Segundo dados de 2012 do Conselho Nacional do Ministério Público, somente 8% dos homicídios são elucidados no Brasil. A maioria dos crimes fica impune. Mesmo assim, o Brasil tem 607 mil detentos. Além de a maioria ser pobre e negra, pelo menos 40% deles não foram sequer julgados. Situação que pode se repetir com os adolescentes.
Os jovens também são as maiores vítimas, segundo dados do Mapa da Violência, estudo realizado pelo sociólogo Julio Jacobo Waiselfisz, da Faculdade Latino-Americana de Ciências Sociais (Flacso). A taxa de homicídio contra adolescentes de 16 e 17 anos aumentou 496,4% entre 1980 e 2013, sendo que 77% dos 30 mil jovens assassinados em 2013 eram negros. “Essa medida é contra a periferia, contra os jovens negros e pobres”, salientou DiMenor.
Membro da Frente Nacional Contra a Redução da Maioridade Penal, o também conselheiro tutelar Leonardo Duarte destacou que são mentirosas as afirmações de que os adolescentes “estão matando descontroladamente” e que “podem fazer o que quiserem e nada acontece”. “O Sistema Nacional de Atendimento Socioeducativo (Sinase) compreende as medidas para responsabilizar o adolescente que comete um ato infracional. Isso já existe. Ao mesmo tempo, dá a ele oportunidade de formação educacional, cultural e profissional. Precisamos efetivar esse sistema e o próprio ECA, que já contempla o que há de mais avançado em políticas para a juventude”, afirmou Duarte.
Dados de 2012 do Censo do Sistema Único de Assistência Social, elaborado em 2014, indicam que o Brasil tinha 108.554 adolescentes cumprindo medida socioeducativa naquele ano. O número equivale a 0,18% dos 60 milhões de brasileiros com menos de 18 anos. Do total de adolescentes em conflito com a lei, em 2012, 9% haviam cometido homicídio, 2,1% latrocínio, 1,4% estupro e 0,8 lesão corporal. A prática de roubo respondeu por 38,6% dos casos e o tráfico de drogas, por 27%.
A punição, inclusive, está bem marcada na vida do adolescente Luiz*, de 17 anos. “Passei um ano e um mês na Fundação Casa. Lá dentro você percebe a maldade das pessoas. Depois de passar pela Fundação você reconhece a maldade no olhar. Perdi bastante tempo da minha vida, perdi coisas importantes. Mas tá certo. Depois que eu saí foi só mudança para mim”, relatou.
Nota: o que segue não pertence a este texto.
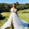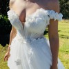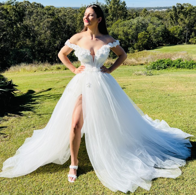 I had this dress completely custom made and created it so that I could have the full skirt during the ceremony and then the short dress for the reception (dancing easily). I've since decided to go with a different dress I fell in love with so this is brand new, literally only worn for the purpose of these photographs. It has a zipper to the base of the corset and then a corset back which gives a little bit of sizing flexibility. The split has lining underneath that has been temporarily pulled back so that in alterations, you can choose to have more or less lining should you wish. The overskirt has two hook and eyes that just clip together simply at the front, over the flowers on the bodice. Each 3D flower was hand stitched and they all have a pearl in the middle. There are a couple layers of tulle in the overskirt as well to give it that full look. I'm a C cup and there are two push up cups already sewn into the bodice, however they could easily be removed if you don't require the extra support. The bodice has transparent style panelling on the sides as well. The dress will come with a custom veil with matching flowers from the dress at the base. The veil does not yet have a comb as it depends how you want to secure your veil on the day. I'm actually unsure exactly what colour it would be classed as but I believe it's in the white to ivory colour palette (I just chose the colour I liked when we custom made it!). There's plenty of room if you are a taller person as there is so much material around the base, or alternatively you can alter it shorter. The short dress goes a little longer at the back but again, this could be cut straight and short if that's not your style. There's plenty that you can do with this dress if you so wish. I welcome any questions, feel free to ask me anything. It's such a stunning dress that is super versatile. The photos also didn't upload with amazing quality so if you'd like more photos, just reach out :)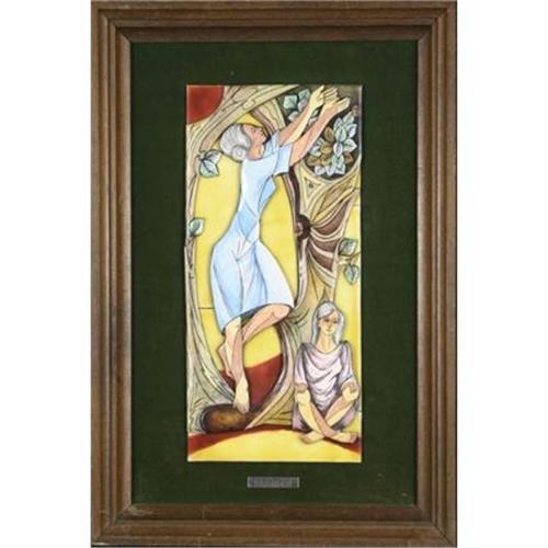 Enamel painting of two women at a tree. One is reaching up into the tree while one sits solemnly on the ground. Wonderful earth tones. The frame is an antique dark oak frame with a green velvet liner.The frame is a beautiful unique design that brings depth to the picture. The total size is 17" X 25" X 2" W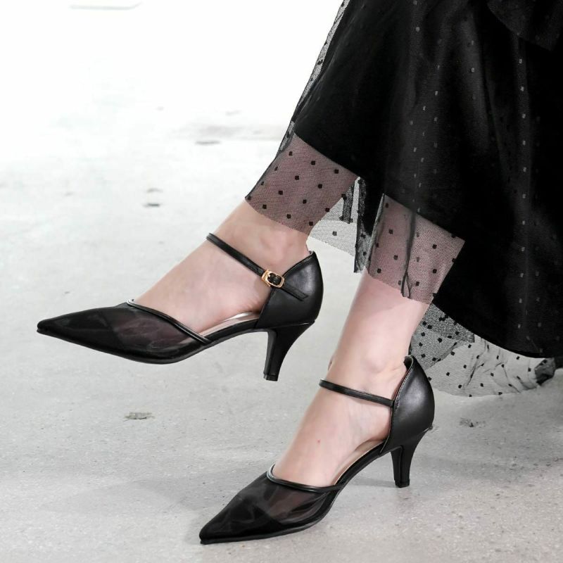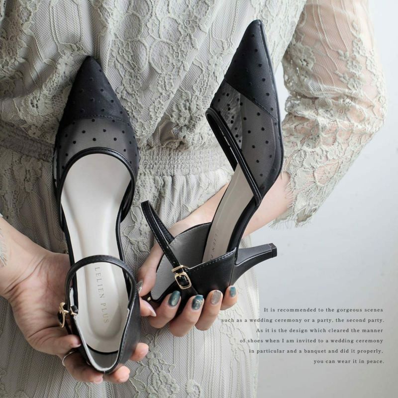 つま先・かかとが隠れた6.5cmの細いヒールで、チュールの透け感がエレガントな足元を演出します。結婚式や披露宴にお呼ばれした時の靴のマナーをきちんとクリアしたデザインなので、安心して履いていただけます。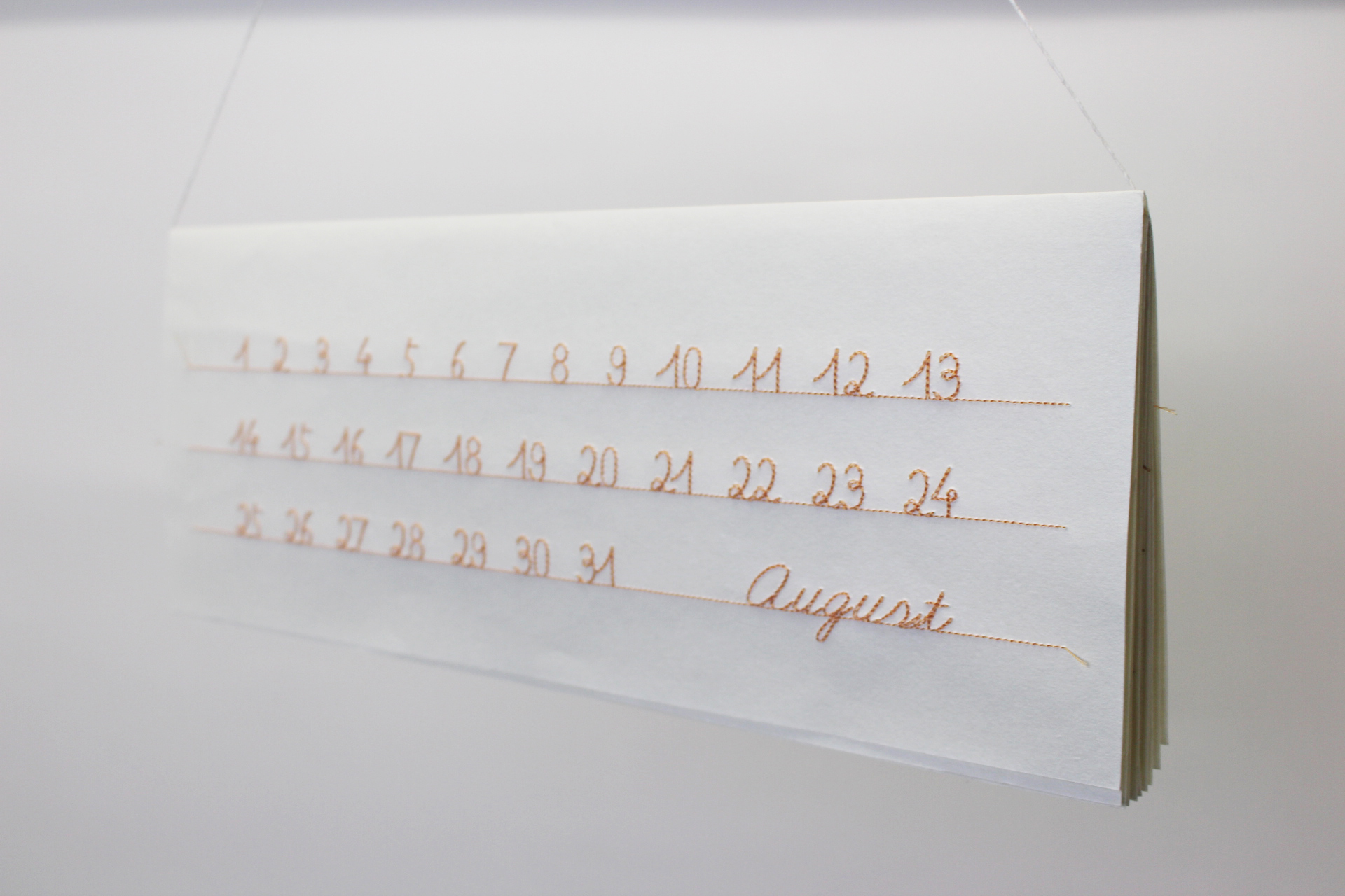 コクヨデザインアワード入賞作品からは、新たに3作品が製品化。こちらも個数限定で特別販売されます。表紙から内ページに至るまでいっさい印刷を用いず、紙の凸凹のみで表現した「エンボスノート」や、日付の数字が1本の糸で縫われた繊細な世界観のカレンダー「儚く、美しく」が発売予定。

O jovem atribui a mudança às oportunidades de cursos e a reinserção na escola, além das atividades e do acompanhamento socioeducativo da ONG Unas, de Heliópolis, na zona sudeste da capital paulista. “A maioria das vezes o que tá faltando mesmo é uma escola da hora, um emprego. Só por você morar na favela, isso influencia bastante no que você vai fazer com a sua vida. A gente não tem as mesmas oportunidades, tá ligado. Mas quando tem, o caminho é outro”, afirmou Luiz.
Porém, ainda falta muita coisa no sistema socioeducativo brasileiro. Relatório divulgado no mês passado pelo Conselho Nacional do Ministério Público indica que 40% das unidades de internação para jovens são insalubres e 66% delas estão superlotadas. Além disso, 38,5% das unidades de internação não possuem espaços adequados para atividades profissionalizantes e 28,7% não possuem salas de aula adequadas.
“Nossa defesa é pela implementação completa do ECA e do Sinase. Temos muito orgulho dos dois. Avançamos muito em políticas públicas, temos uma imensa rede de proteção aos adolescentes. Mas ainda temos muito a caminhar. E reduzir a idade penal é jogar fora tudo que foi construído, sem nunca ter utilizado 100% da capacidade. E ainda colocar em risco a proteção contra a exploração sexual e do trabalho, por exemplo”, explicou o diretor do Centro de Defesa da Criança e do Adolescente (Cedeca) de Interlagos, Djalma Costa.